WORK TO BE COMPLETED
Below is a listing with pictures in it; transcribe exactly the lines from the one that has "Halloween pumpkin lantern" through the one that has "Долгое время считалось, что", and omit those pictures.

DATA UNDER STUDY
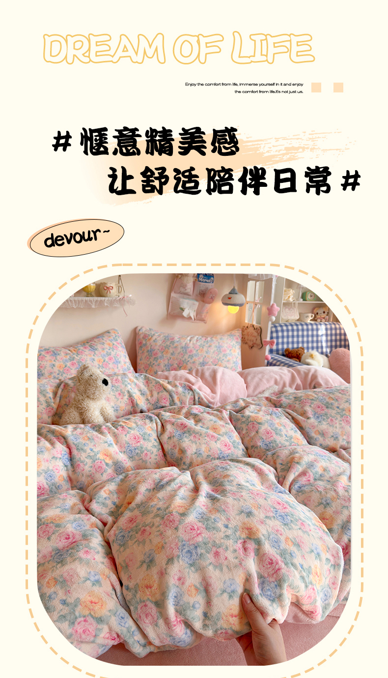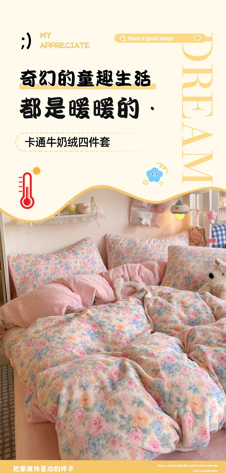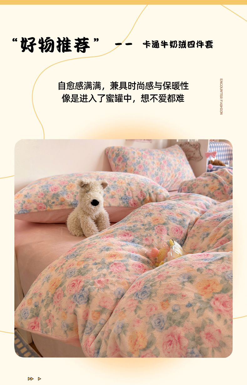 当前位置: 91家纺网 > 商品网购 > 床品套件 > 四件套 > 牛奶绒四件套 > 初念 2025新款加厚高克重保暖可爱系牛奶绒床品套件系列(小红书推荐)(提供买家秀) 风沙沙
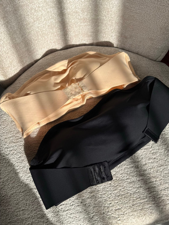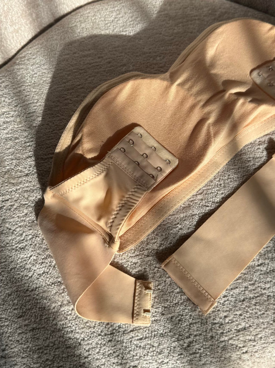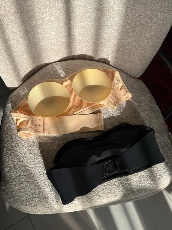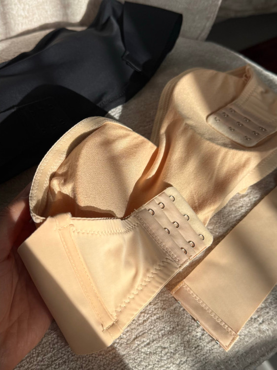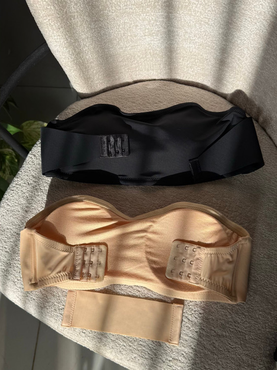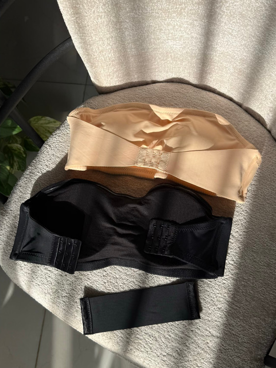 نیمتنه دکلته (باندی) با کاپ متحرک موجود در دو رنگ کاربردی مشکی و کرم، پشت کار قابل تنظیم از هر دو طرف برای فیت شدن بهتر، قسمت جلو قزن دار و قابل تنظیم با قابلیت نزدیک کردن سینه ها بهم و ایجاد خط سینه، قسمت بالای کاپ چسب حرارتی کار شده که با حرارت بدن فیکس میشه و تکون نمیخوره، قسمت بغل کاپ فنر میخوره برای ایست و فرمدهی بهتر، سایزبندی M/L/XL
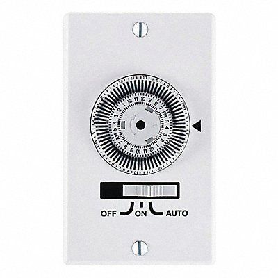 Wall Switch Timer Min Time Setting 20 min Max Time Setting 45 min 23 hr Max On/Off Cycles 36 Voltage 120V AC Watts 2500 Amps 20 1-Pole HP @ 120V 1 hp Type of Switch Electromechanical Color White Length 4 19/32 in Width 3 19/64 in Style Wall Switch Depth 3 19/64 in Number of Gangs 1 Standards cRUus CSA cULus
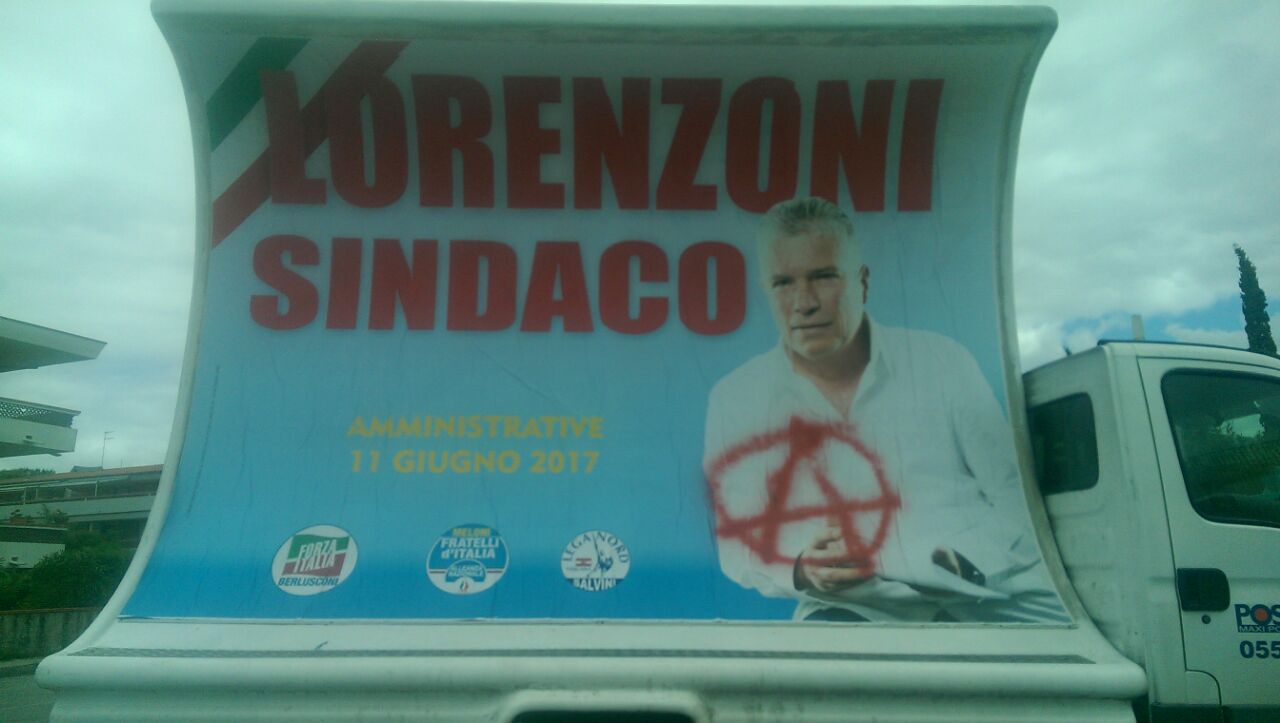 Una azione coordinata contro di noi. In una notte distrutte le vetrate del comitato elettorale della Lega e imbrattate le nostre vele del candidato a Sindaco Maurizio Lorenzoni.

...

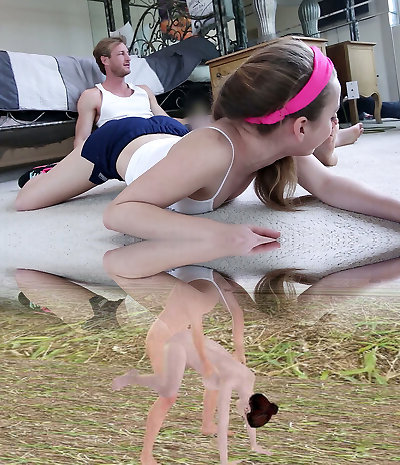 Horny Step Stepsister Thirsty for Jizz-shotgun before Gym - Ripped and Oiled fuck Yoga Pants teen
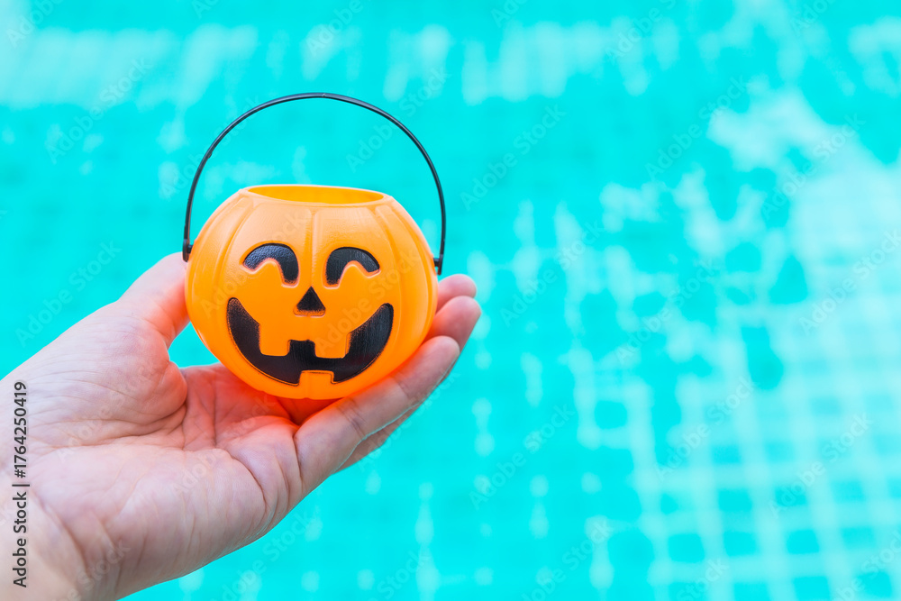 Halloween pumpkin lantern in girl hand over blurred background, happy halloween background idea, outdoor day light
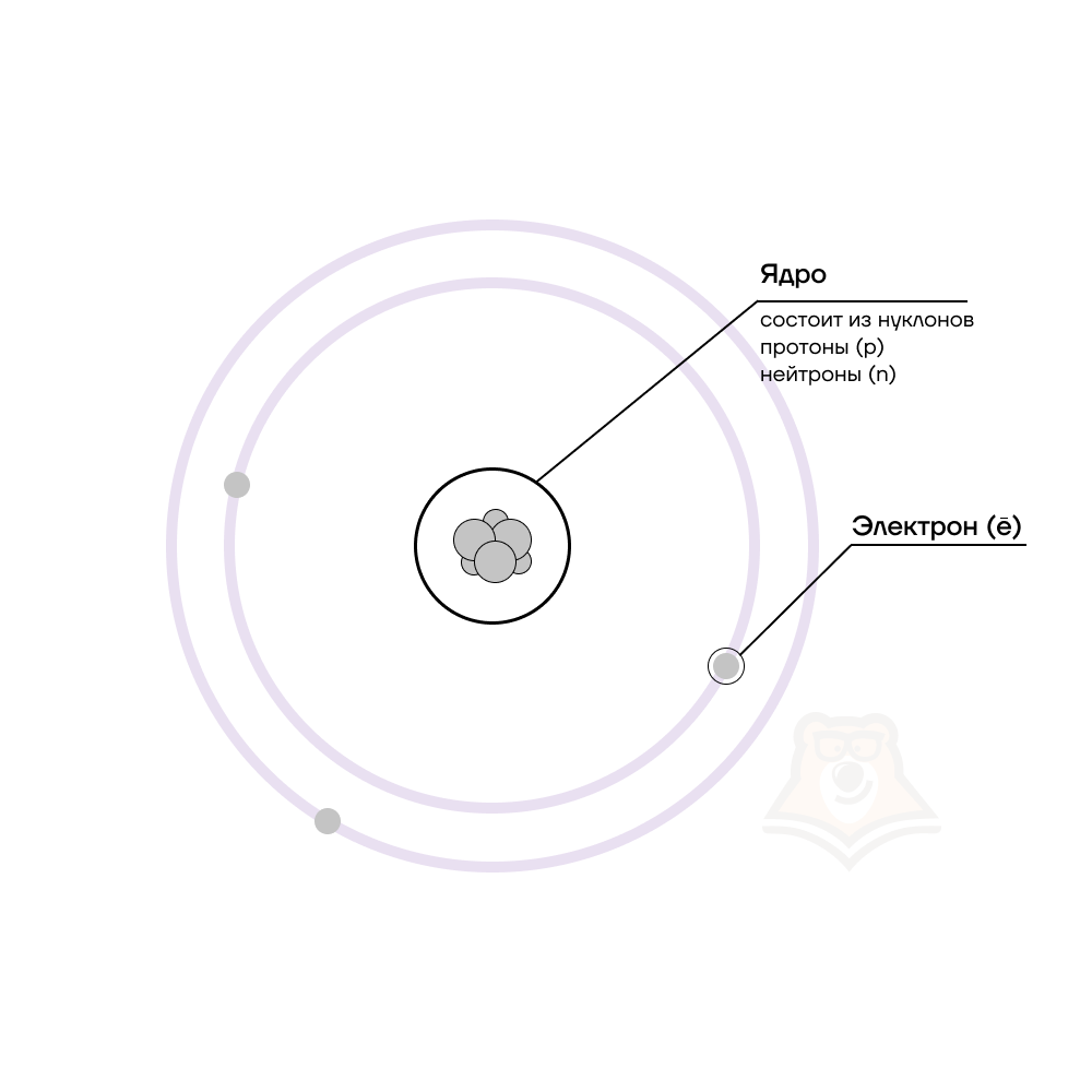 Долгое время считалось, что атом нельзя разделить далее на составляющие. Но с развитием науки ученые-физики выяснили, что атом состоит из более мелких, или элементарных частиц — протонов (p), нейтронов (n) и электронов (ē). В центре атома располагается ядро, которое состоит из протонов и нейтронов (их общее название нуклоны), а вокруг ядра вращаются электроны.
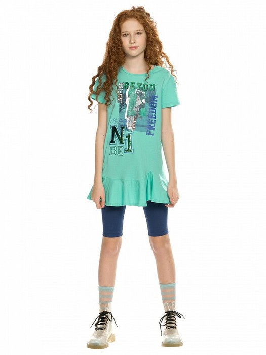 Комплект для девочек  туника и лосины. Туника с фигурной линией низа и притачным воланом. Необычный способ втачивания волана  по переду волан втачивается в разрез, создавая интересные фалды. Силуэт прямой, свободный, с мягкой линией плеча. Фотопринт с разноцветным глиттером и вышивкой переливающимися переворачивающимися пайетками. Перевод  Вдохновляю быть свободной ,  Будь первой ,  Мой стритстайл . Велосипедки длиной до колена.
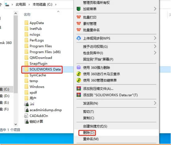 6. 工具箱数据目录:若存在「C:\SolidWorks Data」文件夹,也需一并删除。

--

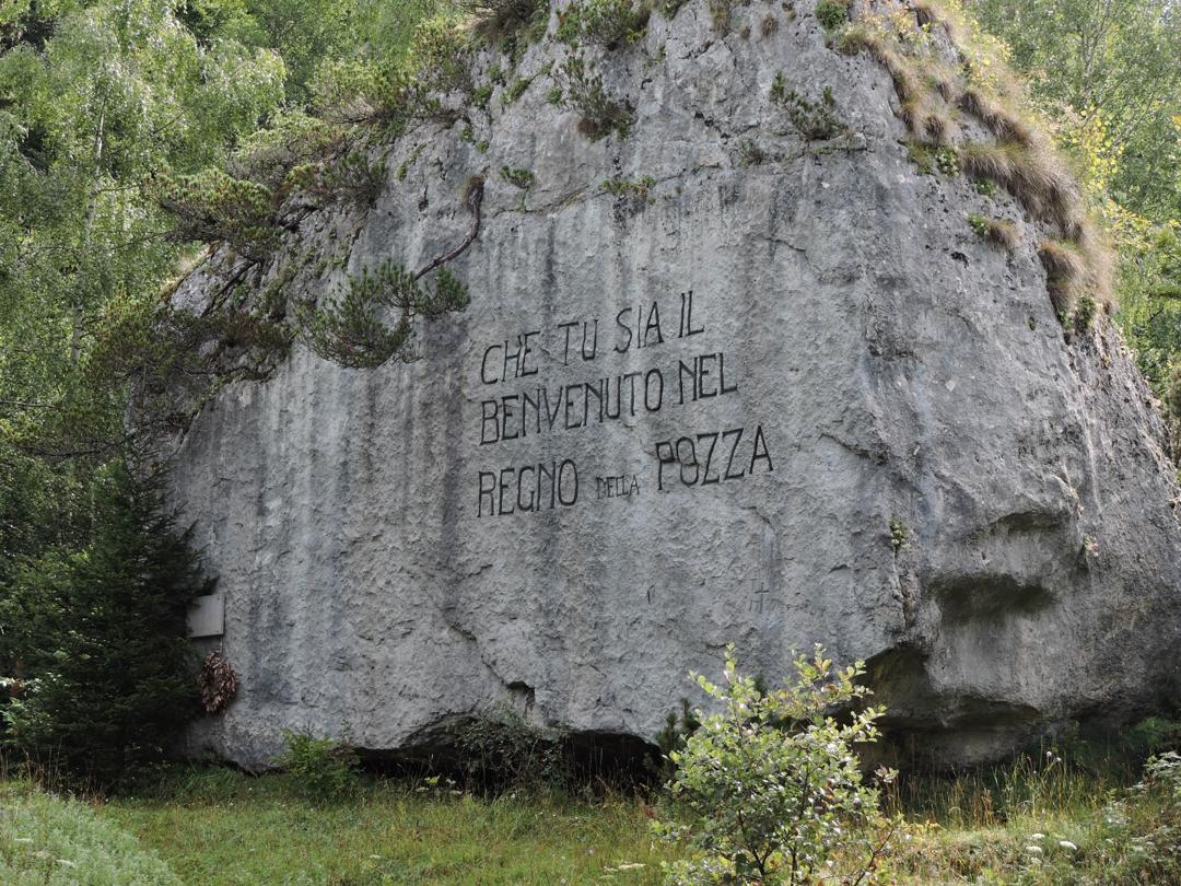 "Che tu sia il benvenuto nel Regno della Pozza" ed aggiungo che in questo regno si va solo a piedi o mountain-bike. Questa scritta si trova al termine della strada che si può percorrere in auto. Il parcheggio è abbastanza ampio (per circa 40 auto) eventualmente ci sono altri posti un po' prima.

SOLVED EXERCISE
 Halloween pumpkin lantern in girl hand over blurred background, happy halloween background idea, outdoor day light
 Долгое время считалось, что атом нельзя разделить далее на составляющие. Но с развитием науки ученые-физики выяснили, что атом состоит из более мелких, или элементарных частиц — протонов (p), нейтронов (n) и электронов (ē). В центре атома располагается ядро, которое состоит из протонов и нейтронов (их общее название нуклоны), а вокруг ядра вращаются электроны.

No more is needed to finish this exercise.